Es ist längst überfällig, dass sich für Standards bei unseren Dienstleistern einsetzt. Nahezu alle Dienstleister können mir als Recruiter doch Zahlen um den Kopf werfen noch und nöcher. den Großteil werde ich nie im Leben verifizieren oder falsifizieren können. Also gibt es keine Glaubwürdigkeit. Hier helfen nur neutrale Qualitätsstandards.


Und selbst, wenn ich dem Dienstleister unterstelle, dass er voll und ganz die Wahrheit sagt, so gibt sehr viele unterschiedliche Definitionen von den Kennzahlen, die sie liefern.
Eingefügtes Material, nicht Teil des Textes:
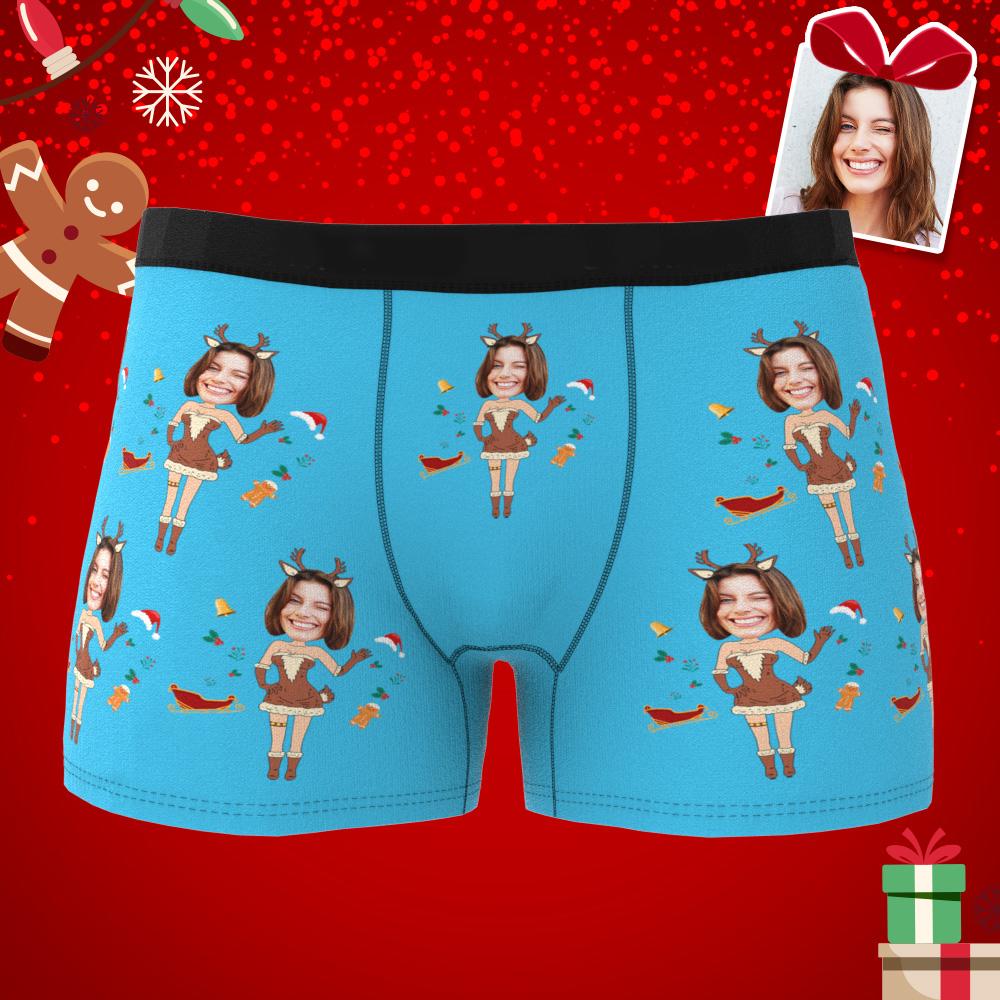 Photo personnalisée Boxer Noël wapiti visage sous-vêtements hommes sous-vêtements Couple cadeaux cadeau de Noël vue AR

Seit einiger Zeit arbeiten wir sehr eng mit der Firma HRI Solutions zusammen, die bei uns und vielen anderen Unternehmen das Recruiting-Analytics macht. Die machen einen super Job, aber sind auch auf die Datenqualität /-validität der Jobbörsen, Dienstleister abhängig. Hier sind Standards dringend nötig – denn die Dienstleister haben häufig überhaupt kein Interesse daran, dass Vergleichbarkeit und Transparenz entstehen.
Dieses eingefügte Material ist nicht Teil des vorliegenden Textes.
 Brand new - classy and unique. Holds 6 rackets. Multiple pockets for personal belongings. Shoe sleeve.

Die Verantwortung liegt bei uns – und vor allem unseren Verbänden


DGFP, BPM, QUEB – alle Verbände tragen gemeinsam die Verantwortung dafür, dass wir hier Lösungen finden, die unsere Profession voranbringen. Branchenunabhängig arbeiten schon einzelne Projekte (wie bspwl. Algorithmenethik.de) an Standards für Algorithmen. Das ist jedoch nur ein Mosaikteil. Wir brauchen nicht die hundertste Insellösung oder rein von wirtschaftlichen Interessen vom privaten Anbietern geprägte Lösungen. Also liebe Verbände, Interessenvertretungen etc. lasst uns bitte gemeinsam an einem Strang ziehen und gemeinsam hier Lösungen erarbeiten. Ich - und viele Kollegen/innen - stehe/n hier gerne zur Verfügung. Wir müssen bereit sein, den Weg zu gehen, der Recruiting dahin bringt, wohin es gehört.